- **Problem statement**:
The lines below must be transcribed exactly as given, with the images removed.

==== Given material ====

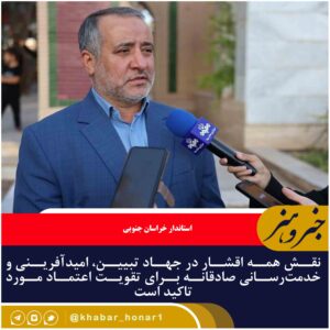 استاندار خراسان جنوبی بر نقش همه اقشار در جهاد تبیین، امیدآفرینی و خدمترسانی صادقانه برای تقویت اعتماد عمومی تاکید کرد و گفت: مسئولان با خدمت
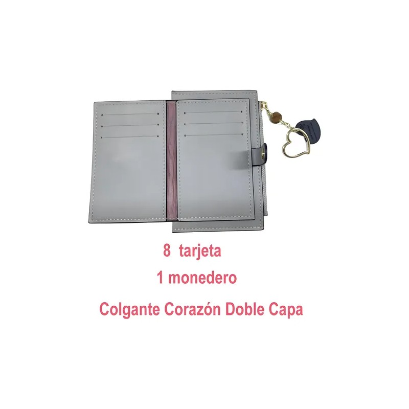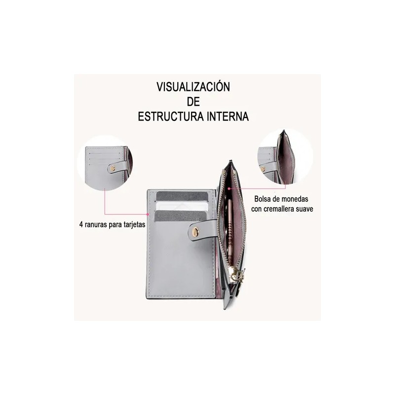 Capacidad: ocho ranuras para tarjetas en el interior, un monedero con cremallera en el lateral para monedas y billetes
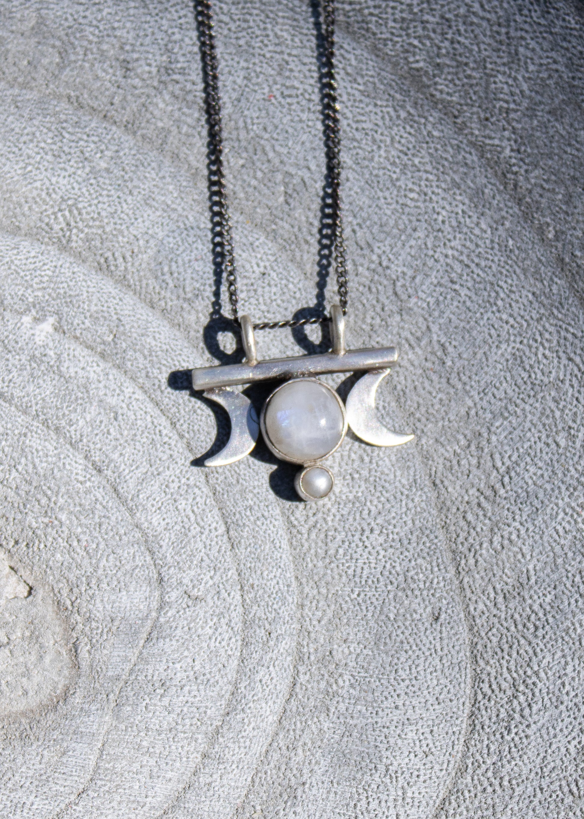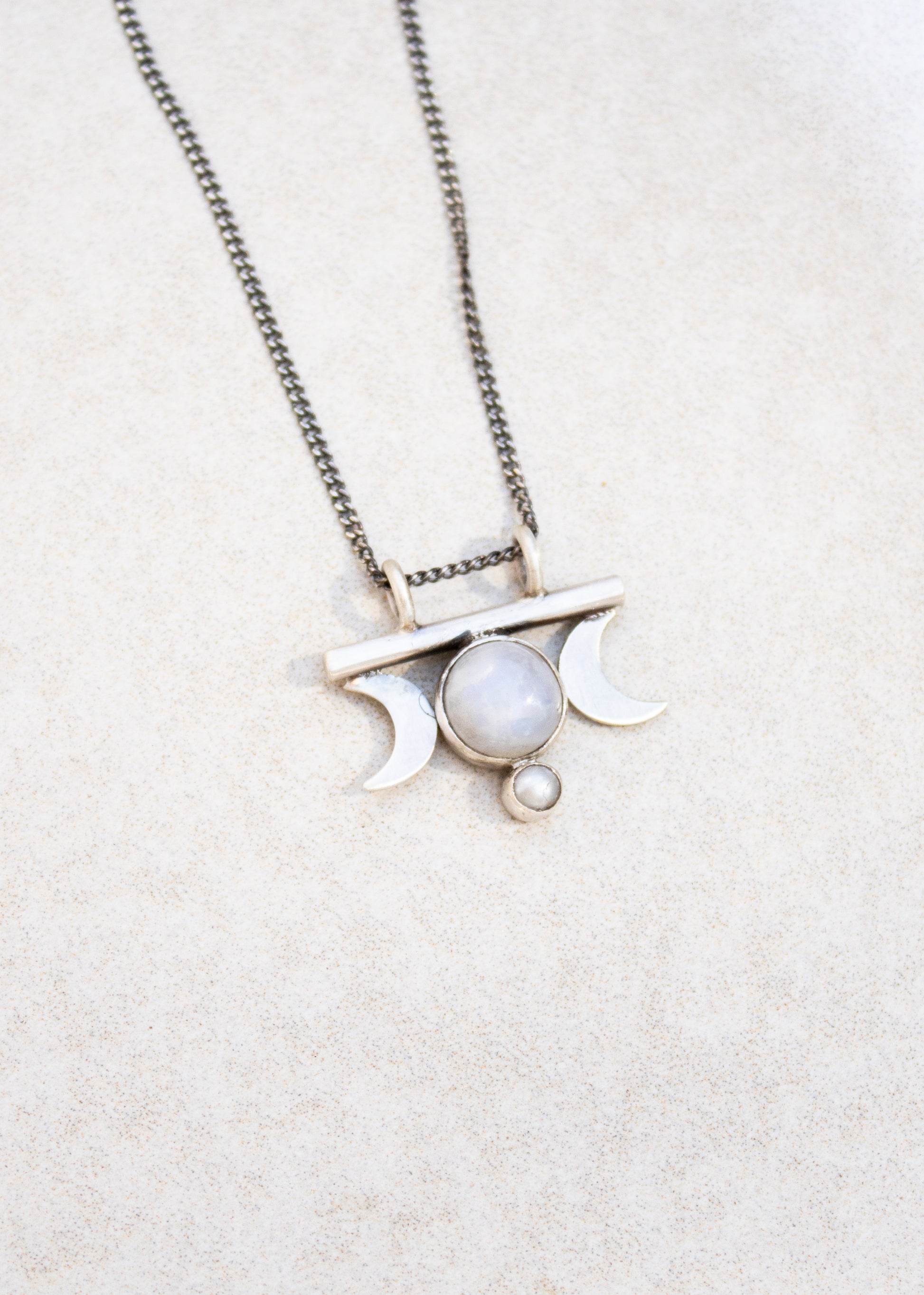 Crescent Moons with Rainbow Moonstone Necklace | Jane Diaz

====

- **Output for this exercise**:
 استاندار خراسان جنوبی بر نقش همه اقشار در جهاد تبیین، امیدآفرینی و خدمترسانی صادقانه برای تقویت اعتماد عمومی تاکید کرد و گفت: مسئولان با خدمت
 Capacidad: ocho ranuras para tarjetas en el interior, un monedero con cremallera en el lateral para monedas y billetes
 Crescent Moons with Rainbow Moonstone Necklace | Jane Diaz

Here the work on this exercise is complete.